Fortunately for the feeble lawyer cross-examining them, the driver and his passenger girlfriend were deeply stupid. They had concocted a story about the incident that Jeffrey Archer would have scoffed at. No one thought to mention that the star witness couldn't have identified the driver in a line-up of Marilyn Monroe lookalikes. Her Majesty won.

My first scientific job was with a group working on HIV. As well as studying a lot of immunology papers, I read plenty of academic work about sexual behaviour, and even visited the local STD clinic rather more often than a good Catholic boy ought to.

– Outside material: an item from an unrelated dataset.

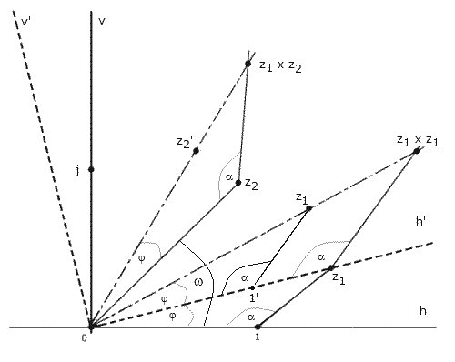 Dodawanie liczb zespolonych można geometrycznie interpretować jako przesnięcie punktu 0 płaszczyzny do punktu z1 (płaszczyzna v" - h"), oznaczającego liczbę dodawaną. ![]() Dodawanie liczb zespolonych z2 + z1 ![]() Odejmowanie to przesunięcie odwrotne. ![]() Mnożenie przez z1 przeprowadza się przez skręcenie płaszczyzny zespolonej przeprowadzające oś h na z1 (płaszczyzna v'- h'). ![]() ![]() Mnożenie liczb zespolonych Punkty po obrocie na rysunku oznaczono apostrofem np. 1 → 1', z1 → z1'. Kąt α jest stały dla odcinków równoległych np. 1-1' i z1 - (z1 x z1), co pozwala z twierdzenia Talesa wyznaczyć długość odcinka po wykonaniu mnożenia. Kierunek liczby zespolonej będącej wynikiem mnożenia wyznacza suma kątów ω+φ ![]() Przykład: Dzielenie, to skręcenie odwrotne z z1 na 1 (płaszczyzna v - h). ![]() Na ostatnim rysunku pokazano sposób wyznaczania odwrotności liczby zespolonej z. ![]() Wyznaczanie odwrotności liczby zespolonej z Po obrocie płaszczyzny zgodnie z ruchem wskazówek zegara o kąt φ uzyskuje się punkty z' i 1'. Odcinek równoległy do prostej łączącej te punkty z punktu 1 wyznacza szukane położenie punktu 1/z. | ||||||||||

Both of these activities were somehow more interesting than the pure biology, and, until we have a vaccine, changing people's sexual habits will also be more important to our controlling the spread of AIDS than the science. The United States government could have saved millions of dollars if they had accepted the conclusion of my research:

No one tells the truth about sex.

No one tells the truth about road accidents either. And they certainly don't tell the truth about sex during road accidents. [via Arts and Letters Daily]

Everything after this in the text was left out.